Provided data:
BEGIN
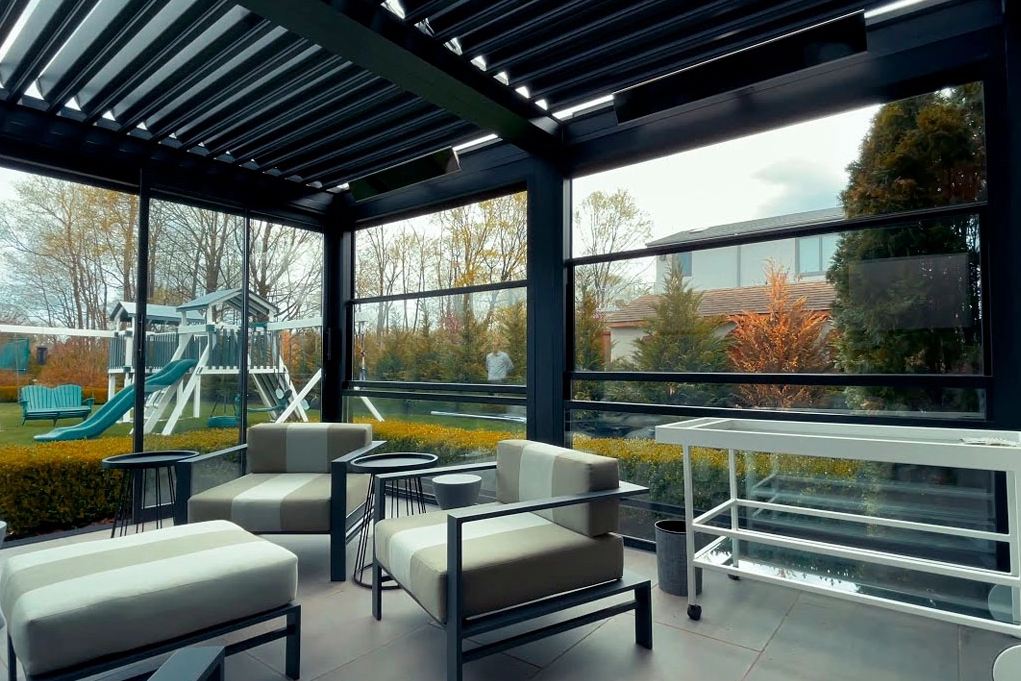 Это практичное решение, сочетающее эргономику и актуальный дизайн. Вид гильотинного остекления зависит от сезонной функциональности помещения, где планируется установка.
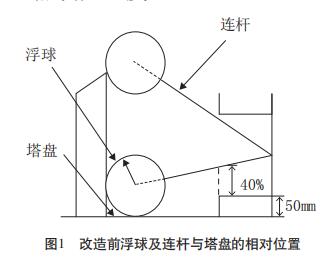 自我公司常減壓裝置投用以來,由于儀表安裝位置設(shè)計(jì)得不合理,儀表開孔位置距離塔盤太近,僅為50mm,致使減壓塔中部溢流槽液位儀表無法正常使用,測量范圍小。為了滿足工藝要求,進(jìn)行問題原因和解決方法分析與改造實(shí)踐。在本次改造前,浮球及連桿與塔盤的相對位置如圖1所示。由于受安裝位置以及浮球自身結(jié)構(gòu)的制約,當(dāng)塔盤內(nèi)的液位為零時,浮球的位置為下虛線所指;當(dāng)塔盤液位溢流時,浮球的位置為上虛線所指。但當(dāng)液位為零時,此時浮球的狀態(tài)并不是儀表示值為零所要的位置,而是處于其示值40%的位置。這樣即便是塔盤內(nèi)沒有液體,儀表也有40%的指示。這樣的顯示就會給工藝帶來假信號,使操作人員產(chǎn)生錯誤判斷,影響操作。
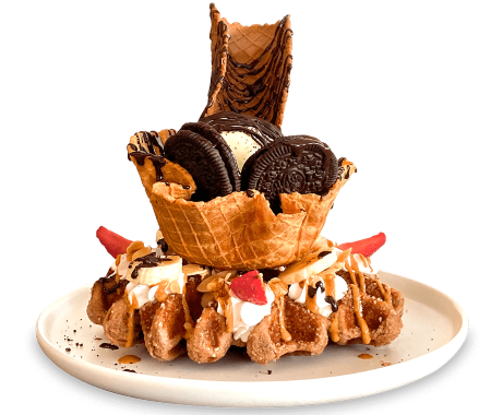 -Indulge in their specialty, King Waffle, Chocolate Belgian waffle loaded with yogurt ice cream, oreo, bananas, strawberry and many more!
END
Task directions: Print the data once more without any change, skipping each picture.

Solution to the problem:
 Это практичное решение, сочетающее эргономику и актуальный дизайн. Вид гильотинного остекления зависит от сезонной функциональности помещения, где планируется установка.
 自我公司常減壓裝置投用以來,由于儀表安裝位置設(shè)計(jì)得不合理,儀表開孔位置距離塔盤太近,僅為50mm,致使減壓塔中部溢流槽液位儀表無法正常使用,測量范圍小。為了滿足工藝要求,進(jìn)行問題原因和解決方法分析與改造實(shí)踐。在本次改造前,浮球及連桿與塔盤的相對位置如圖1所示。由于受安裝位置以及浮球自身結(jié)構(gòu)的制約,當(dāng)塔盤內(nèi)的液位為零時,浮球的位置為下虛線所指;當(dāng)塔盤液位溢流時,浮球的位置為上虛線所指。但當(dāng)液位為零時,此時浮球的狀態(tài)并不是儀表示值為零所要的位置,而是處于其示值40%的位置。這樣即便是塔盤內(nèi)沒有液體,儀表也有40%的指示。這樣的顯示就會給工藝帶來假信號,使操作人員產(chǎn)生錯誤判斷,影響操作。
 -Indulge in their specialty, King Waffle, Chocolate Belgian waffle loaded with yogurt ice cream, oreo, bananas, strawberry and many more!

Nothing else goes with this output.